- Founded: 1975
- Founder: Günter Körber
- Defunct: 1997
- Status: defunct
- Distributor(s): self-distributed
- Genre: Electronic, krautrock, progressive rock, experimental, industrial, ambient
- Country of origin: Germany
- Location: Hamburg

= Sky Records =

German record label

Sky Records was an independent record label specializing in krautrock/Kosmische Musik and electronic music. They were based in Hamburg, Germany. Some of their releases could be classified as progressive rock or art rock, experimental music, industrial, ambient, or new age. No new releases appeared after 1998.

==History==
Sky Records was founded in 1975 by Günter Körber after he left Metronome Musik, the parent company of influential krautrock/Kosmische label Brain Records.

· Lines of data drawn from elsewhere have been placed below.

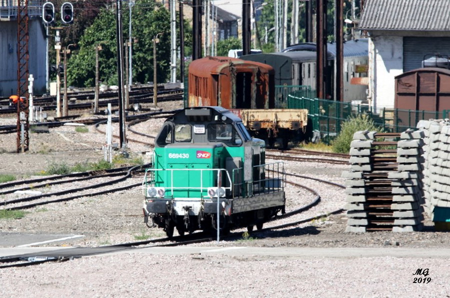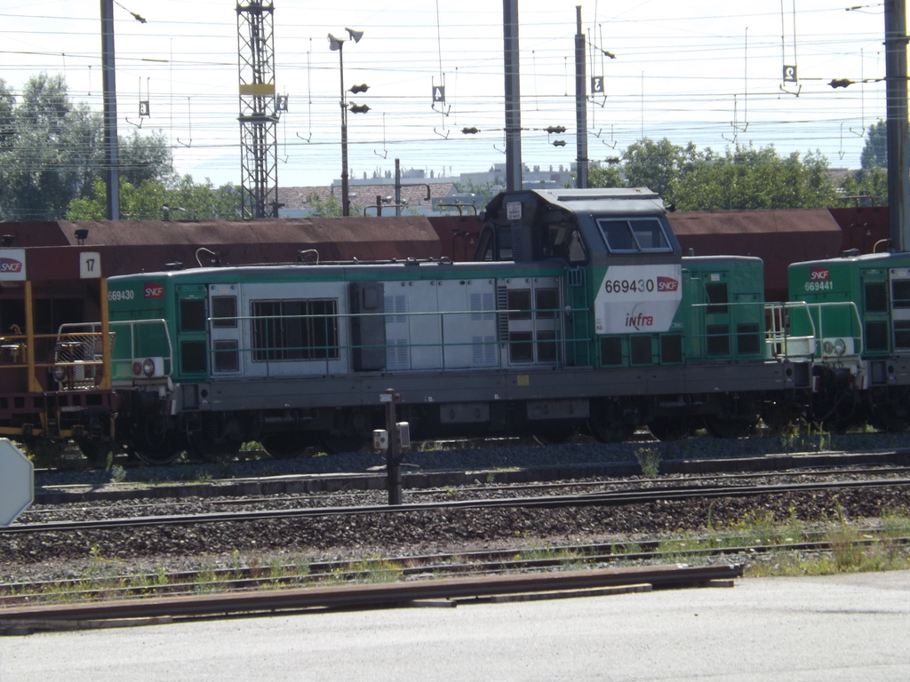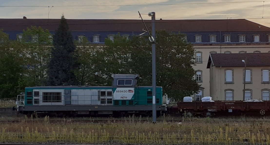 Voici la 669430 Infra avec le logo en livrée Fret (ex 66430 mise en service le 03-04-1969) en queue de TM passage par la gare de SPDC pour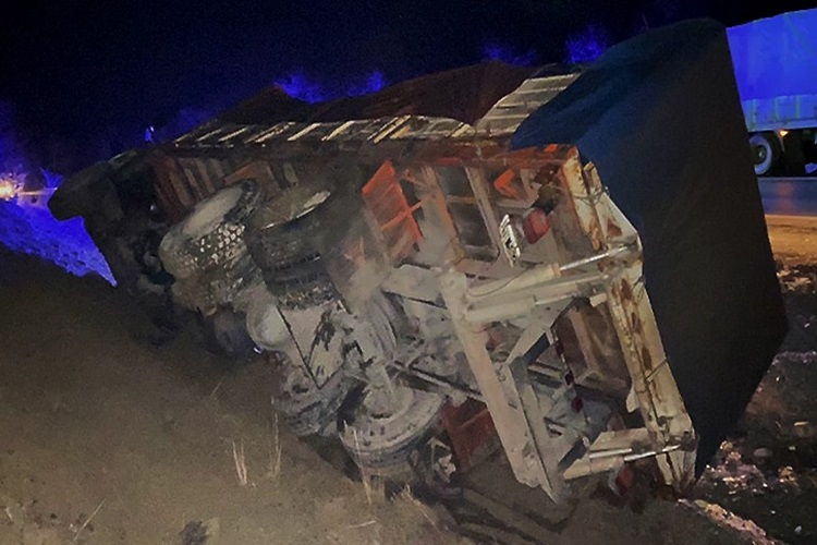 Un camión que transportaba tambores con aceite, volcó en la Ruta Nacional Nº3 a la altura del kilómetro 2934.
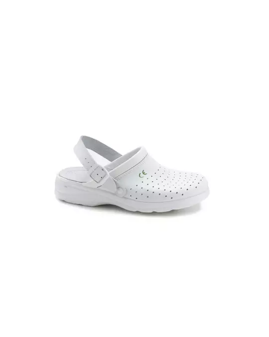 Professioneller Clog mit perforierter Lederkonstruktion für optimale Atmungsaktivität und Komfort. Dieses ökologische Schuhwerk kombiniert leichte Flexibilität mit hoher Abriebfestigkeit, während das anatomische Design und das verstellbare Passformsystem für dauerhaften Komfort sorgen. Die antistatische Polyurethan-Laufsohle bietet zuverlässige Traktion und Stoßdämpfung für lange Tragezeiten.
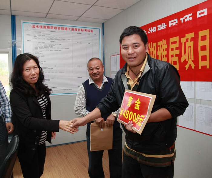 會議宣讀了《清水佳湖雅居項(xiàng)目第一期督導(dǎo)專報(bào)》,通報(bào)了清水佳湖雅居項(xiàng)目8月目標(biāo)節(jié)點(diǎn)完成情況和公司的獎勵決定。此次節(jié)點(diǎn)考核中,清水佳湖雅居項(xiàng)目完成了第一節(jié)點(diǎn)目標(biāo)的80%,公司對清水佳湖雅居項(xiàng)目部管理人員獎勵4萬8千元,對兩個(gè)勞務(wù)公司分別獎勵8萬元,此次獎勵共計(jì)20萬零8千元。同時(shí),會議也提出了9月節(jié)點(diǎn)目標(biāo)考核內(nèi)容,希望項(xiàng)目部及勞務(wù)公司相互配合,在規(guī)定時(shí)間內(nèi)完成9月節(jié)點(diǎn)目標(biāo)。

Körber was able to sign several former Brain Records recording artists to his new label, most notably Cluster just as they began a successful collaboration with Brian Eno. The success of the albums Cluster & Eno in 1977 and After the Heat in 1978 helped put Sky on a solid financial footing. Other former Brain artists signing with Sky included Thirsty Moon and Michael Rother shortly after his departure from Neu! and Harmonia.

Along with several subsequent Cluster albums, group members Dieter Moebius and Hans-Joachim Roedelius also released several solo albums and collaborations on Sky. Other notable artists who recorded for the label include Conrad Schnitzler, Asmus Tietchens, Harald Grosskopf, Adelbert von Deyen, Nik Tyndall, Earthstar, Serge Blenner, Insane Jane, and Dieter Schütz. The 1990s mainly saw reissues of earlier albums from the catalog on CD. The label was dissolved in 1997. Günter Körber died in 2013.

Many of the label's original releases have since been reissued on the Bureau B label.